Le choix de l’hôtel est aussi important. Comment les sélectionnez-vous pour harmoniser l’expérience avec vos standards de luxe ?
E.G : Je choisis un établissement avec âme. Étant un ancien de l’hôtellerie, je trouve cet aspect très important. Par exemple au Rwanda, il y a des hôtels modernes, du type Marriott, mais il y a l’hôtel des Mille Collines, un lieu, pour rappel, qui a permis à des personnes de s’y réfugier lors du terrible génocide. C’est ici que le film « Hôtel Rwanda » a été tourné. Sans trop aller dans le drame, il est important de sentir l’Histoire en allant dans des endroits emblématiques de la destination. Un hôtel avec un supplément d’âme ne se concurrence pas avec le dernier cinq étoiles à la mode. C’est essentiel dans la façon de fabriquer nos itinéraires, parce qu’on n’a pas la chance de faire deux fois une bonne impression.
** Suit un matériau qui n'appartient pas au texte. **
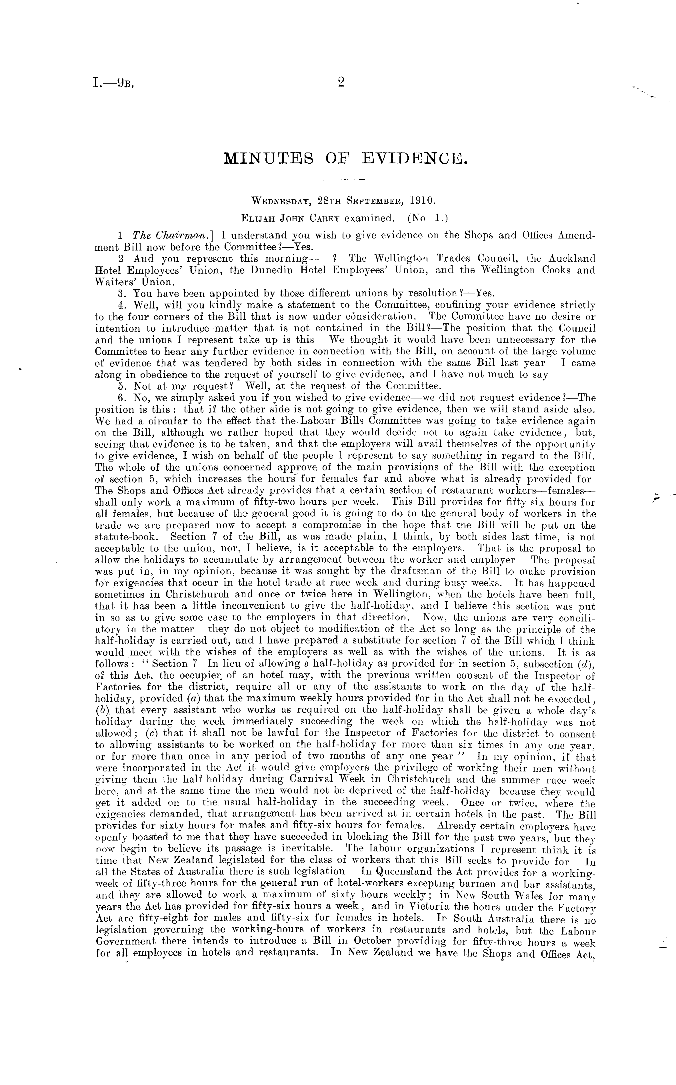 Weunesday, 28th September, 1910. Elijah John Carey examined. (No 1.) 1 The I understand you wish to give evidence on the Shops and Offices Amendment Bill now before the Committee? —Yes. 2 And you represent this morning I—The1 —The Wellington Trades Council, the Auckland Hotel Employees' Union, the Dunedin Hotel Employees' Union, and the Wellington Cooks and Waiters' Union. 3. You have been appointed by those different unions by resolution? —Yes. 4. Well, will you kindly make a statement to the Committee, confining your evidence strictly to the four corners of the Bill that is now under consideration. The Committee have no desire or intention to introduce matter that is not contained in the Bill ?—The position that the Council and the unions I represent take up is this We thought it would have been unnecessary for the Committee to hear any further evidence in connection with the Bill, on account of the large volume of evidence that was tendered by both sides in connection with the same Bill last I came along in obedience to the request of yourself to give evidence, and I have not much to say 5. Not at my request?— Well, at the request of the Committee. 6. No, we simply asked you if wished to give evidence —we did not request evidence? —The position is this : that if the other side is not going to give evidence, then we will stand aside also. We had a circular to the effect that the Labour Bills Committee was going to take evidence again on the Bill, although we rather hoped that they would decide not to again take evidence, but, seeing that evidence is to be taken, and that the employers will avail themselves of the opportunity to give evidence, I wish on behalf of the people I represent to say something in regard to the Bill. The whole of the unions concerned approve of the main provisions of the Bill with the exception of section 5, which increases the hours for females far and above what is already provided for The Shops and Offices Act already provides that a certain section of restaurant workers—females— shall only work a maximum of fifty-two hours per week. This Bill provides for fifty-six hours for all females, but because of the general good it is going to do to the general body of workers in the trade we are prepared now to accept a compromise in the hope that the Bill will be put on the statute-book. Section 7of the Bill, as was made plain, I think, by both sides last time, is not acceptable to the union, nor, I believe, is it acceptable to the employers. That is the proposal to allow the holidays to accumulate by arrangement between the worker and employer The proposal was put in, in my opinion, because it was sought by the draftsman of the Bill to make provision for exigencies that occur in the hotel trade at race week and during busy weeks. It has happened sometimes in Christchurch and once or twice here in Wellington, when the hotels have been full, that it has been a little inconvenient to give the half-holiday, and I believe this section was put in so as to give some ease to the employers in that direction. Now, the unions are very conciliatory in the matter they do not object to modification of the Act so long as the principle of the half-holiday is carried out, and I have prepared a substitute for section 7 of the Bill which I think would meet with the wishes of the employers as well as with the wishes of the unions. It is as follows : " Section 7 In lieu of allowing a half-holiday as provided for in section 5, subsection (d), of this Act, the occupier of an hotel may, with the previous written consent of the Inspector of Factories for the district, require all or any of the assistants to work on the day of the halfholiday, provided (a) that the maximum weekly hours provided for in the Act shall not be exceeded, (6), that every assistant who works as required on the half-holiday shall be given, a whole day's holiday during the week immediately succeeding the week on which the half-holiday was not allowed; (c) that it shall not be lawful for the Inspector of Factories for the district to consent to allowing assistants to be worked on the half-holiday for more than six times in any one year, or for more than once in any period of two months of any one year " In my opinion, if that were incorporated in the Act it would give employers the privilege of working their men without giving them the half-holiday during Carnival Week in Christchurch and the summer race week here, and at the same time the men would not be deprived of the half-holiday because they would get it added on to the usual half-holiday in the succeeding week. Once or twice, where the exigencies demanded, that arrangement has been arrived at in certain hotels in the past. The Bill provides for sixty hours for males and fifty-six hours for females. Already certain employers have openly boasted to me that they have succeeded in blocking the Bill for the past two years, but they now begin to believe its passage is inevitable. The labour organizations I represent think it is time that New Zealand legislated for the class of workers that this Bill seeks to provide for In all the States of Australia there is such legislation In Queensland the Act provides for a workingweek of fifty-three hours for the general run of hotel-workers excepting barmen and bar assistants, and they are allowed to work a maximum of sixty hours weekly; in New South Wales for many years the Act has provided for fifty-six hours a week, and in Victoria the hours under the Factory Act are fifty-eight for males and fifty-six for females in hotels. In South Australia there is no legislation governing the working-hours of workers in restaurants and hotels, but the Labour Government there intends to introduce a Bill in October providing for fifty-three hours a week for all employees in hotels and restaurants. In New Zealand we have the Shops and Offices Act,

Quelles sont les tendances d’odyssées, d’échappées en attendant la reprise des tours du monde ?
L’odyssée européenne entre nuits blanches et soleils de minuit rencontre un franc succès. Des Iles Féroé au Groenland en passant par la Norvège, la Lituanie ou la Russie, les voyageurs pourront s’émerveiller devant le spectacle de ces terres boréales où les journées deviennent interminables. Il y a aussi Saint-Pierre-et-Miquelon qui excite pas mal le microcosme. Finalement, peu de personnes connaissent ce département d’outre-mer français. C’est un « mini Canada » que l’on pourra découvrir lors d’une échappée. Comme toujours, il y aura des expériences immersives comme un dîner festif à la mairie dans une salle des fêtes, un peu comme une fête villageoise ! Les gens veulent des « apéros chics » hors des sentiers battus et revivre des expériences transformationnelles. 2022-2023, seront encore deux belles années de revenge travel, ce phénomène né de la crise sanitaire qui exacerbe nos envies de prendre le large !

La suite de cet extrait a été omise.